What About Gig Workers?
Since mid-March, Block Club Chicago has sought answers on behalf of independent contractors and gig workers who are not allowed to work but also don’t qualify for unemployment benefits.
The CARES Act, passed by Congress late last month, ensured gig workers would have access to unemployment benefits — but Pritzker said Monday the Department of Labor subsequently tried to block benefits to many contract workers.
“It has taken the U.S. Department of Labor weeks to issue guidance to the states, and they promulgated confusing and very stringent regulations that attempt to severely limit who can actually qualify,” Pritzker said.
The state ultimately “contracted with an outside firm to help us stand up a new system to help us get these benefits to as many Illinoisans as possible despite the labyrinthian regulations,” Pritzker said.

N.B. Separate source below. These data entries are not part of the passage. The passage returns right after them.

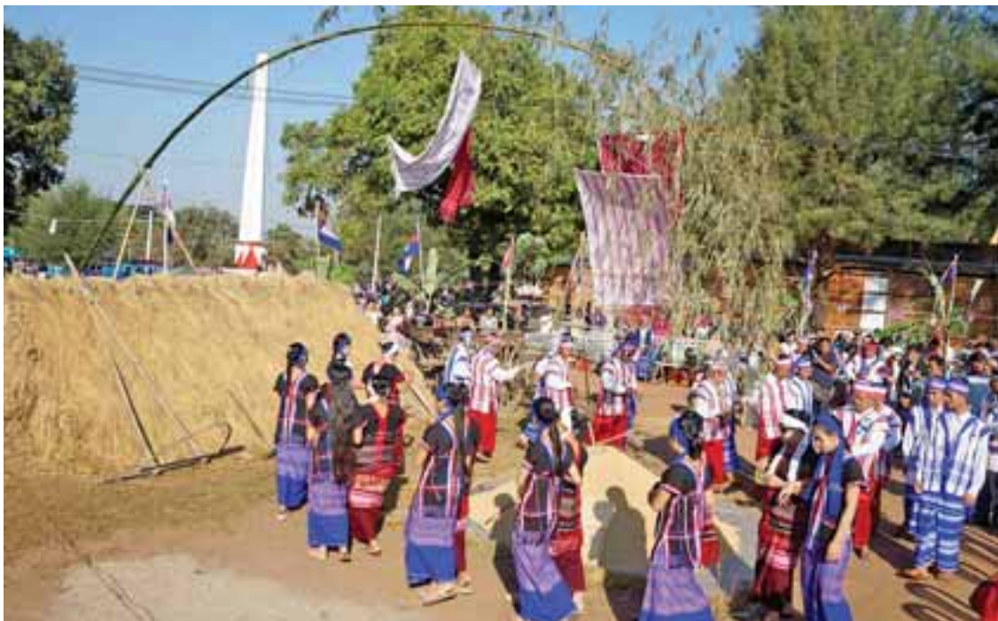
ကရင်နှစ်သစ်ကူးပွဲတော်ကို ဘားအံမြို့၌ ဤသို့ခမ်းနားစွာကျင်းပ။
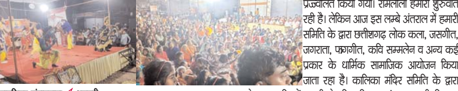
पायनियर संवाददाता < धमतरी www.dailypioneer.com
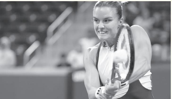
الأنباط – وكالات

وأطاحت الروسية كاميليا راكيموفا بالإيطالية لوسيا برونزيتي، بعد التغلب عليها بنتيجة (٦-٤) و(٦-١)، لتصعد في الدور الثاني بالأمريكية كوكو جوف. وحجزت الأمريكية مكارنتي كيسلر مقعدها في الدور الثاني، بعد التغلب على الصينية شاي هان بنتيجة (٢-٦) و(٧-٦)، لتواجه البلجيكية إليز ميرتنز. ولحققت الرومانية سورانا كريستيا بركب المتأهلات للدور الثاني، بالتغلب على الأمريكية كارولين دوليدي بنتيجة (٦-٢) و(٦-٣)، لتلتقي بالإيطالية جاسمين باوليني في الدور الثاني.
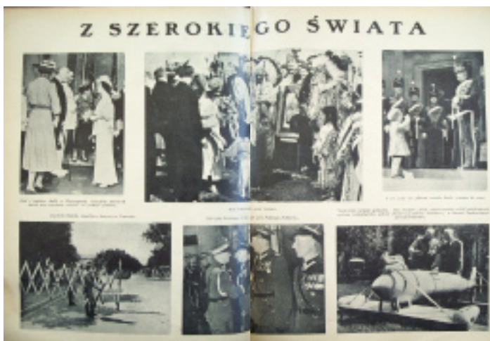
12. Dział ilustracyjny w „RP”

Przez cały okres wydawniczy pismo zawierało oprócz reprodukcji obrazów liczne czarno-białe fotografie. Zdjęcia miały charakter krajoznawczy, przyrodniczy, okolicznościowy, portretowy. Występowały początkowo w jednostronicowym cyklu Kraj w fotografiach artystycznych w 1927 r., a następnie od 1929 r. dwustronicowym dziale ilustracyjnym zatytułowanym Z szerokiego świata 48 .
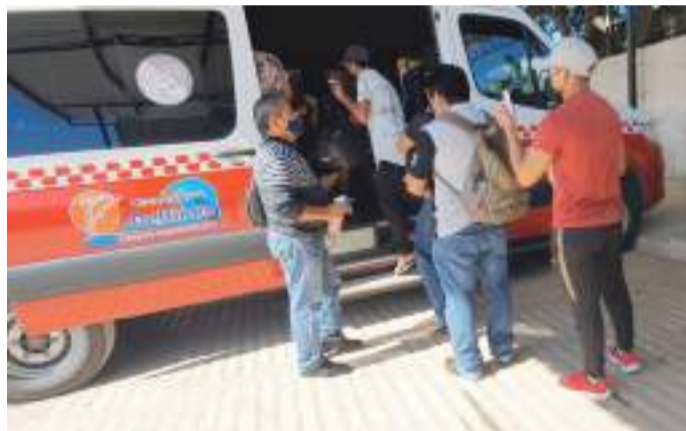
DE CONFIRMAR el IET un aumento a la tarifa, el costo del pasaje pasaría de 40 pesos a 50 por persona.

Por otro lado, de ser efectiva un alza, esta podría ser a razón de 10 pesos, es decir, el costo del pasaje de 40 pesos pasaría a 50 pesos.
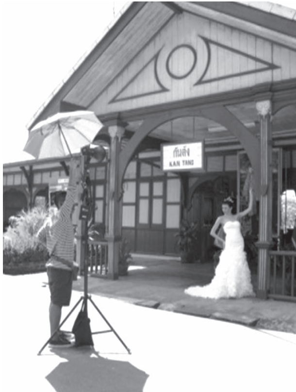
ภาพที่ 1 จุดที่นักท่องเที่ยวเข้ามาถ่ายภาพที่สถานีรถไฟกันตัง
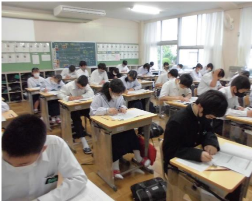
▲じっくり取り組む3年生

全国学力学習状況調査は、全国的な児童・生徒の学習状況を調査・分析し、教育施策や各校の指導の改善につなげ、継続的な検証改善サイクルを生み出すために行われています。令和2年度は学校が全国的に臨時休業であったために実施できず、本年度が二年ぶりとなります。調査内容は教科に関する二つに分かれています。
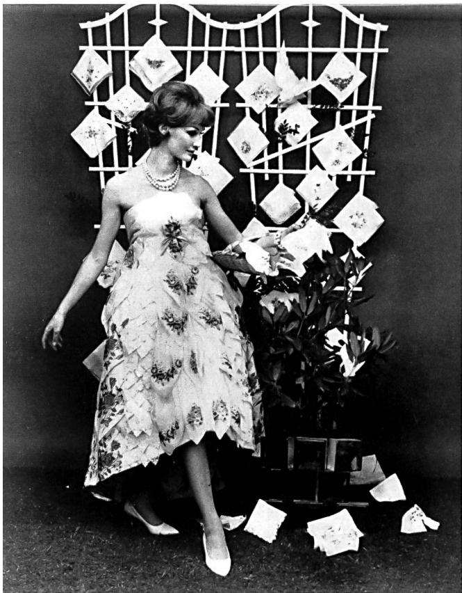
Création Marianne Couture, Saint-Gall réalisée au moyen de 120 mouchoirs
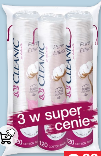
PŁATKI CLEANIC 3 x 120 SZTUK 19856897 122297
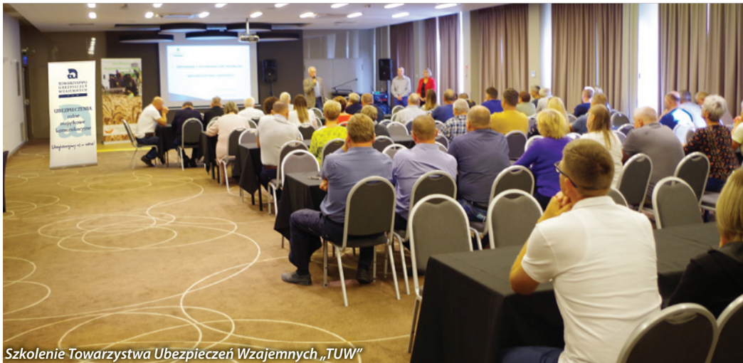
Szkolenie Towarzystwa Ubezpieczeń Wzajemnych „T UW”

Izba Rolnicza Województwa Łódzkiego, co roku organizuje wyjazd studyjno-szkoleniowy dla rolników województwa łódzkiego. Niestety w listopadzie 2020 roku wyjazd nie mógł się odbyć z powodu pandemii COVID-19, dlatego w tym roku zorganizowano go już we wrześniu.
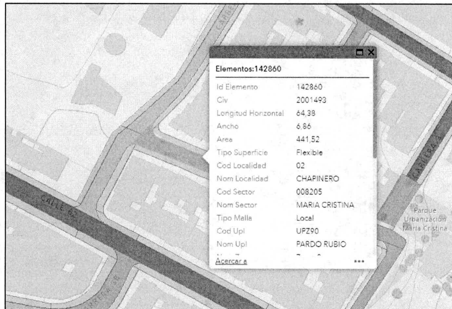
Pantallazo SIGMA

As the system is built, unemployed 1099 or “gig” workers can still file for benefits, Pritzker said. If they’re ruled ineligible because they’re a contract worker, their applications will be automatically moved to the new system so they can be processed in early to mid-May.
When the new system is up and running by May 11, Employment Services will begin processing these claims. Pritzker predicted such workers would start receiving funds in mid-May.
When asked why other states are able to process these payments already, Prizker said Illinois will not receive federal money until May. Other states might be able to dip into a rainy day fund to pay such workers sooner, but Illinois does not have such funds, he said.